**Work task**
Apart from the pictures, every record here must be copied word for word.

(Stored data entries)
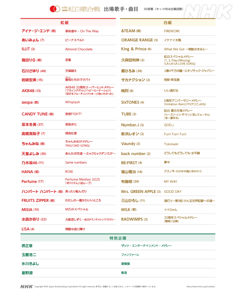 🔴第76回 #NHK紅白 ⚪️ 曲目が決定しました🎉✨ https://www.nhk.or.jp/kouhaku/to... -
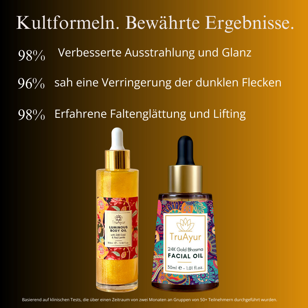 24K Gold Ayurvedisches Strahlkraft-Ritual (24K Gold Anti-Pigment-Gesichtsöl und Körperöl)
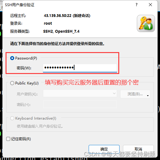 (3)填写公网IP下root用户的密码
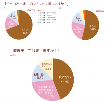 「義理チョコは渡しますか?」という質問には、「渡さない(43.9%)」の次に「去年は渡したが、コロナの影響で今年は渡さない(22.9%)」人が多い結果となりました。
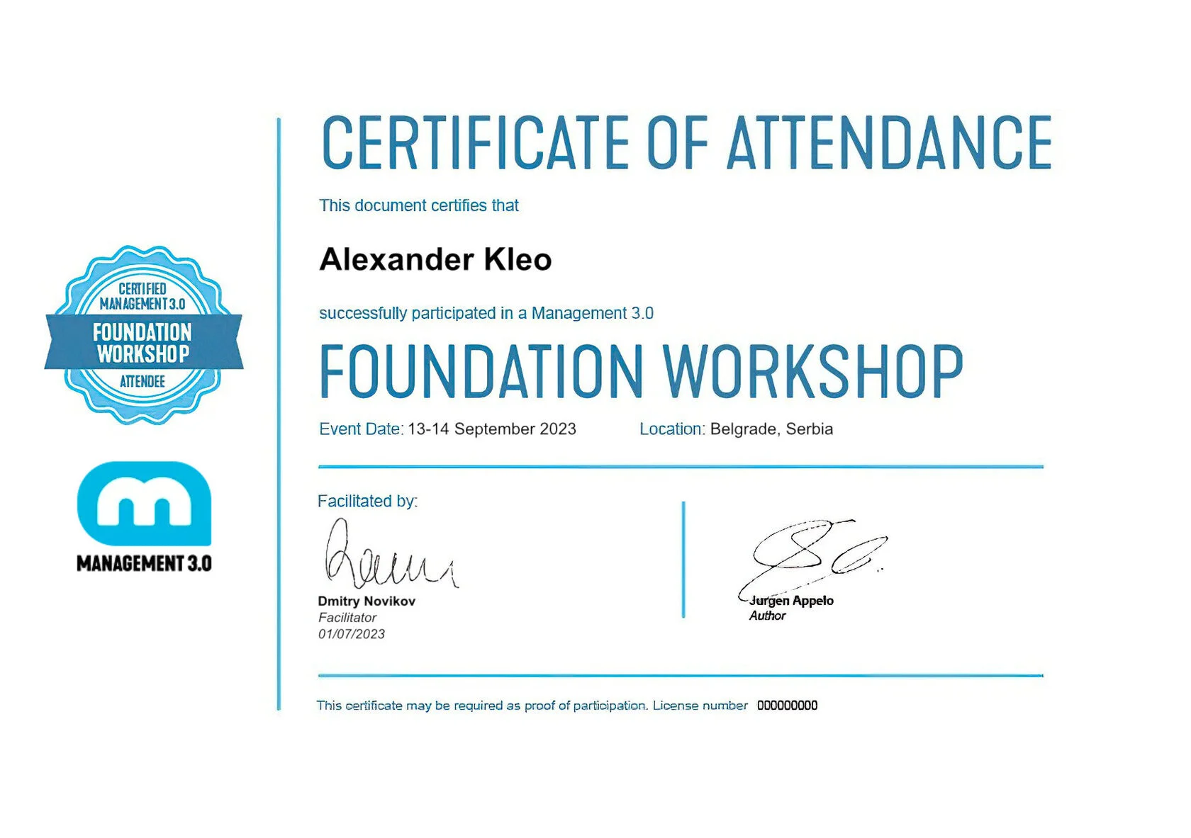 Участники, завершившие курс и сделавшие практику в своей команде, получают официальный сертификат по Менеджменту 3.0, который признается во всем мире

**Finished exercise**
 🔴第76回 #NHK紅白 ⚪️ 曲目が決定しました🎉✨ https://www.nhk.or.jp/kouhaku/to... -
 24K Gold Ayurvedisches Strahlkraft-Ritual (24K Gold Anti-Pigment-Gesichtsöl und Körperöl)
 (3)填写公网IP下root用户的密码
 「義理チョコは渡しますか?」という質問には、「渡さない(43.9%)」の次に「去年は渡したが、コロナの影響で今年は渡さない(22.9%)」人が多い結果となりました。
 Участники, завершившие курс и сделавшие практику в своей команде, получают официальный сертификат по Менеджменту 3.0, который признается во всем мире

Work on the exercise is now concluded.